Simplify your PyTorch code with PyTorch Lightning

An introduction to PyTorch Lightning, a framework for making deep learning model training easier and faster.

What is PyTorch Lightning ?

PyTorch Lightning is a lightweight and high-performance framework built on top of PyTorch that allows you to organize your code and automate the optimization process of training. It also provides the following features:

• metrics (accuracy, precision, recall, etc.)
• metrics logging
• model checkpointing
• early stoppings
• training on multiple GPUs, TPUs, CPUs
• faster implementation (300 ms per epoch compared with pure PyTorch)
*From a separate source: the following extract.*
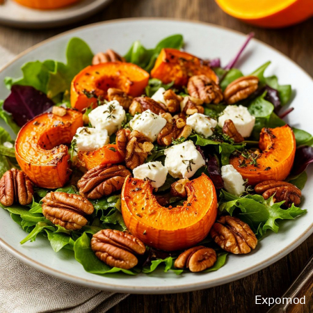 Салат с запечённой тыквой, орехами и козьим сыром — это идеальный пример блюда, которое сочетает в себе полезные ингредиенты, насыщенный вкус и визуальную привлекательность. Он подходит для лёгкого обеда, ужина или праздничного стола, когда хочется чего-то необычного, но при этом питательного и полезного. Такой салат не только радует вкус, но и дарит организму важные микроэлементы, витамины и полезные жиры. Главный компонент блюда — тыква, запечённая до мягкости. При запекании тыква сохраняет сладкий, насыщенный вкус и аромат, становясь мягкой и нежной. Она богата бета-каротином, клетчаткой и витамином C, что делает салат не только вкусным, но и полезным для зрения, иммунитета и пищеварения. Для запекания тыкву нарезают небольшими кубиками, слегка сбрызгивают оливковым маслом и приправляют щепоткой соли и перца. При этом важно не перегреть овощ, чтобы сохранить его сладость и текстуру. Орехи в салате создают хрустящую текстурную ноту и добавляют полезные жиры, которые поддерживают работу сердца и сосудов. Чаще всего используются грецкие орехи, миндаль или фундук, которые слегка обжаривают перед добавлением, чтобы усилить аромат и вкус. Орехи отлично сочетаются с мягкой тыквой, создавая контраст текстур и насыщенный вкус блюда. Козий сыр придаёт салату кремовость и мягкую солоноватость. Его сливочная текстура гармонично сочетается с нежной тыквой и хрустящими орехами, а вкус становится более многослойным. Козий сыр богат кальцием и белком, что делает блюдо ещё более питательным и полезным для костей и мышц. Для заправки салата используют минималистичный, но выразительный вариант: оливковое масло, бальзамический уксус или лимонный сок и немного мёда для мягкой сладости. Такая заправка подчёркивает естественные вкусы ингредиентов и делает блюдо сбалансированным и лёгким. Свежие травы, такие как руккола или петрушка, добавляют зелёный цвет, свежесть и аромат. Главное достоинство салата с запечённой тыквой, орехами и козьим сыром — универсальность. Он подходит для повседневного меню, для здорового перекуса и для праздничного стола. Блюдо легко адаптируется: можно менять виды орехов, добавлять семена или сухофрукты, экспериментировать с заправкой, но при этом салат остаётся лёгким, вкусным и питательным. Салат с запечённой тыквой, орехами и козьим сыром демонстрирует, как простые натуральные ингредиенты могут создавать сложное, сбалансированное и эстетичное блюдо. Он помогает поддерживать здоровье, насыщает витаминами и минералами, формирует привычку осознанного питания и дарит радость от каждого приёма пищи, превращая обед или ужин в настоящее гастрономическое удовольствие. ____________________________________________________________________________________________________________________ Salad with roasted pumpkin, nuts, and goat cheese is a perfect example of a dish that combines healthy ingredients, rich flavors, and visual appeal. It is suitable for a light lunch, dinner, or a festive table when you want something unusual yet nutritious and beneficial. This salad not only delights the taste buds but also provides the body with essential micronutrients, vitamins, and healthy fats. The main component of the dish is pumpkin, roasted until tender. Roasting preserves its naturally sweet, rich flavor and aroma, making it soft and delicate. Pumpkin is rich in beta-carotene, fiber, and vitamin C, making the salad not only tasty but also beneficial for vision, immunity, and digestion. For roasting, the pumpkin is cut into small cubes, lightly drizzled with olive oil, and seasoned with a pinch of salt and pepper. It is important not to overcook the vegetable to maintain its sweetness and texture. Nuts add a crunchy texture and supply healthy fats that support heart and vascular health. Walnuts, almonds, or hazelnuts are commonly used and are lightly

The official docs can be found here and the source code on GitHub here.

Installation

Before making any changes, you must install Lightning:

pip install pytorch-lightning

and import it to your code:

import pytorch_lightning as pl

Organize your PyTorch code

There are different ways to use PyTorch Lightning. In this post we will use only the pl.LightningModule to replace the nn.Module module and the training loop.

A LightningModule is a torch.nn.Module but with added functionality. Use it as such!

To use PyTorch Lightning, you must structure your code under the functions of LightningModule. The module and its required functions are shown below:

These 4 functions are the minimum required for training your model with Lightning. Other functions you will probably need to add are: prepare_data(), validation_step(), test_step() and predict_step().

So, the changes you have to make are shown in the picture below:

Steps:

1. pass pl.LightningModule instead of nn.Module to the module
2. move all required code under the relevant functions inside the module
3. you can remove .to(device) — Lightning moves the data coming from the LightningModule to devices automatically

The full code for the above examples can be found here.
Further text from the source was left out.